Task description. Ignoring pictures, transcribe exactly the lines between the one containing "AJ型蓄能器控制閥組由球閥、" and the end of the material, both included.

Data block.
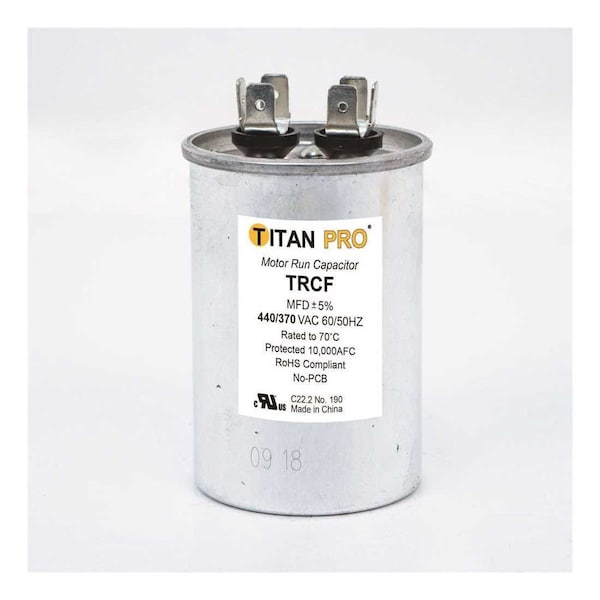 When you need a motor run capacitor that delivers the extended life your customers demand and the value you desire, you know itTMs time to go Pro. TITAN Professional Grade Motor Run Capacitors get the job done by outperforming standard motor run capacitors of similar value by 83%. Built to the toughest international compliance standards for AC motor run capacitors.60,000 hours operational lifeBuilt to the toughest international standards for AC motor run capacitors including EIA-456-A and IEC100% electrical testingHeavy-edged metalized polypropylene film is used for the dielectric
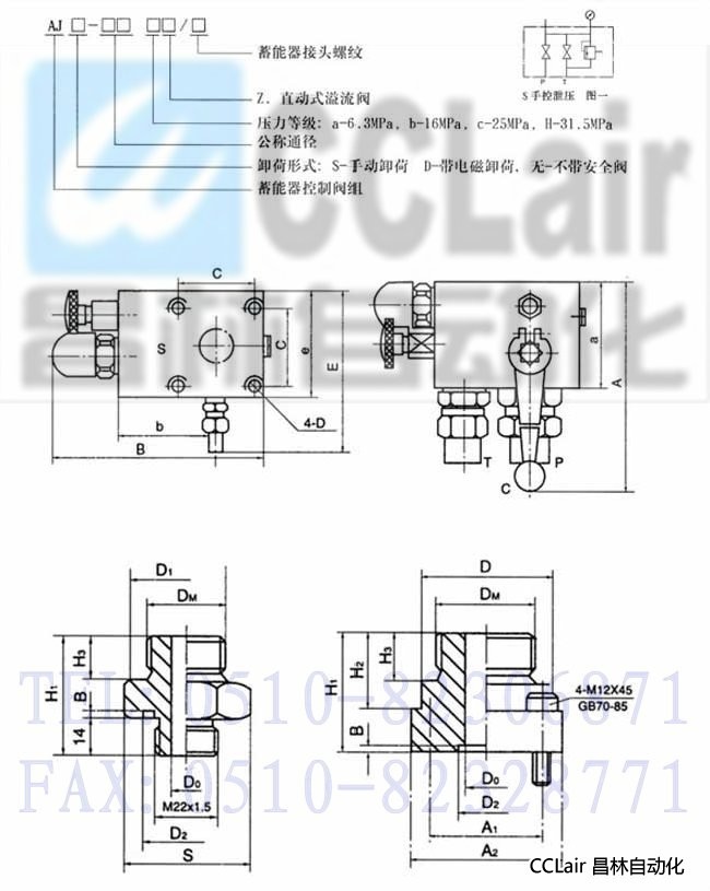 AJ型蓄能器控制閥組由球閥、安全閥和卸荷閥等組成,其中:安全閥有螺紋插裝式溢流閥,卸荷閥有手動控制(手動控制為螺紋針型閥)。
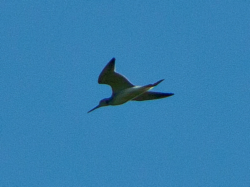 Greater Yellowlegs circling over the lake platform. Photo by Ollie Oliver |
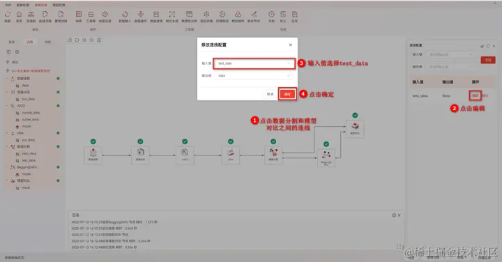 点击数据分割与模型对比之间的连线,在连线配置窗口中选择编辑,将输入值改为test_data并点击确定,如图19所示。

Result.
 AJ型蓄能器控制閥組由球閥、安全閥和卸荷閥等組成,其中:安全閥有螺紋插裝式溢流閥,卸荷閥有手動控制(手動控制為螺紋針型閥)。
 Greater Yellowlegs circling over the lake platform. Photo by Ollie Oliver |
 点击数据分割与模型对比之间的连线,在连线配置窗口中选择编辑,将输入值改为test_data并点击确定,如图19所示。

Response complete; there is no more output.